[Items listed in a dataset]
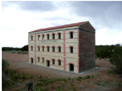
Fotografia de la fàbrica construïda a Santa Fe (2009) Martí Anson

L'artista també explica que aquest no és el primer cas de trasllat d'un edifici. El 2007 es va dur a terme el trasllat, peça a peça, de la casa Yin Yu Tang des de la província oriental d'Anhui fins al Museu D'Essex a Massachusetts. Es van empaquetar i traslladar 700 blocs de fusta, 8.500 rajoles i més de 500 pedres. (Anson, 2009).
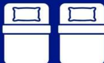
ห้องพักเตียงคู่ TWIN BED ROOM (TWN)

ห้องพักสำหรับ 1 ท่าน มีค่าใช้จ่ายเพิ่มจากค่าตัว
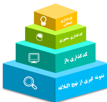
شکل ۲. مراحل گذار از نظریه رهبری آموزشی در نهج البلاغه

جامعه مورد مطالعه در این پژوهش کتاب نهج البلاغه است که با حساسیت نظری و استفاده از نمونه گیری نظری به روش کتابخانه‌ای تا رسیدن به اشباع نظری تعداد ۳۰۰ مورد پژوهش از نهج البلاغه به عنوان نمونه برای تحلیل انتخاب شد، این مجموع سند شامل ۱۲۴ خطبه، ۴۶ نامه و ۲۰۰ حکمت که حاوی مضمون رهبری آموزشی هستند و با استفاده از نرم افزار MAXQDA2022 در سه مرحله گذار از بازار، محوری، انتخابی) برای پاسخگویی به سؤالات این پژوهش در راستای هدایت به سمت مؤلفه و تئوری رهبری آموزشی در نهج البلاغه مورد تحلیل و بررسی قرار گرفتند.
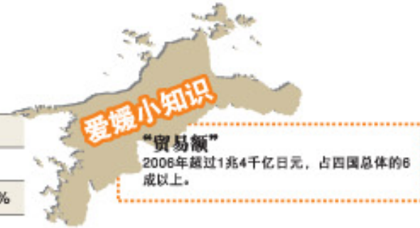
爱媛县的贸易额的变动
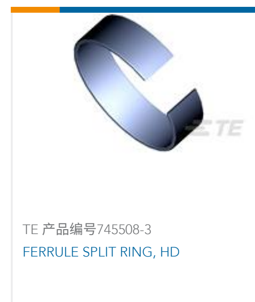
TE 产品编号745508-3 FERRULE SPLIT RING, HD
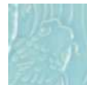
➤ LG-23 [TP] (☑) Robins Egg
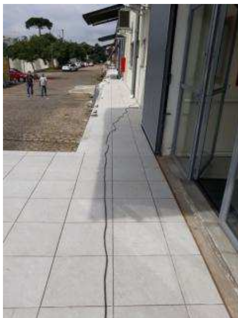
Figura 01: Guarda corpo e corrimão removidos.
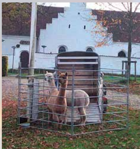
Alpaca-besøg til vintermøde
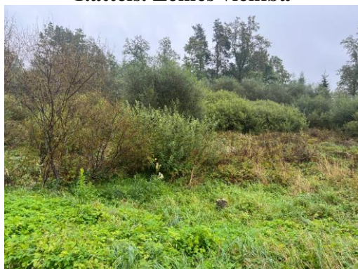
3.,4.attēls. Zemes vienība
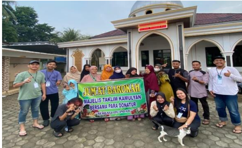
Gambar 15 kegiatan rutin jumat berkah

Kegiatan rutin yang dilakukan oleh ibu-ibu desa kalirejo yang dilaksanakan setiap hari jumat yaitu berbagi sayuran gratis kepada seluruh warga
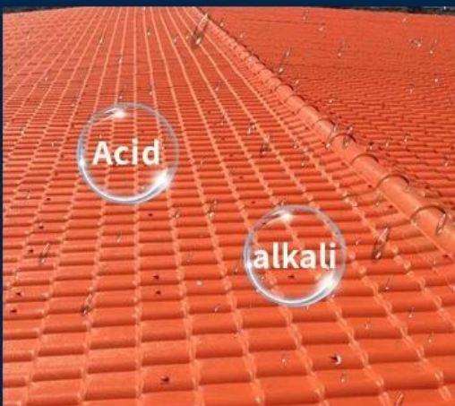
Anti-corrosion, Acid and Alkali Resistance
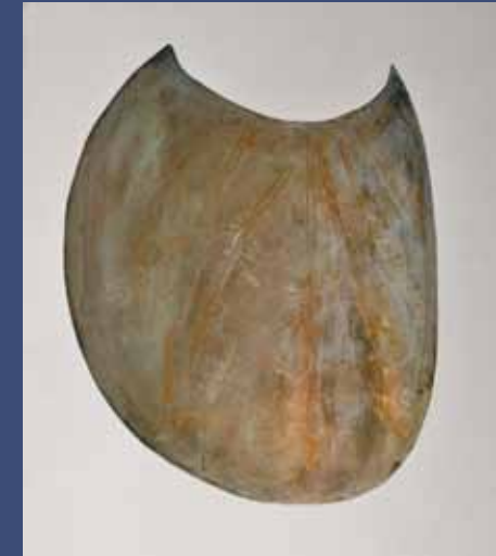
PELTA 2, 2014 Cuivre 19 x 18 x 11 cm
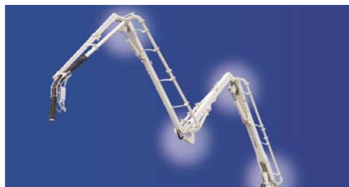
軽量28m級M型4段屈折ブーム

新開発の高張力鋼を使用した軽量28m級M型4段屈折ブームを、ホイールベース約5,550mmの自動車排出ガス規制(ポスト新長期規制)に対応したGVW22トン車に搭載することで、あらゆる現場に対応できる機動性を確保しました。
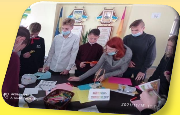
Створення вітальних листівок

(DIRECTIONS FOR THIS TASK): Return each line of the data above that includes the word "rutin".

(ANSWER AREA):
Gambar 15 kegiatan rutin jumat berkah
Kegiatan rutin yang dilakukan oleh ibu-ibu desa kalirejo yang dilaksanakan setiap hari jumat yaitu berbagi sayuran gratis kepada seluruh warga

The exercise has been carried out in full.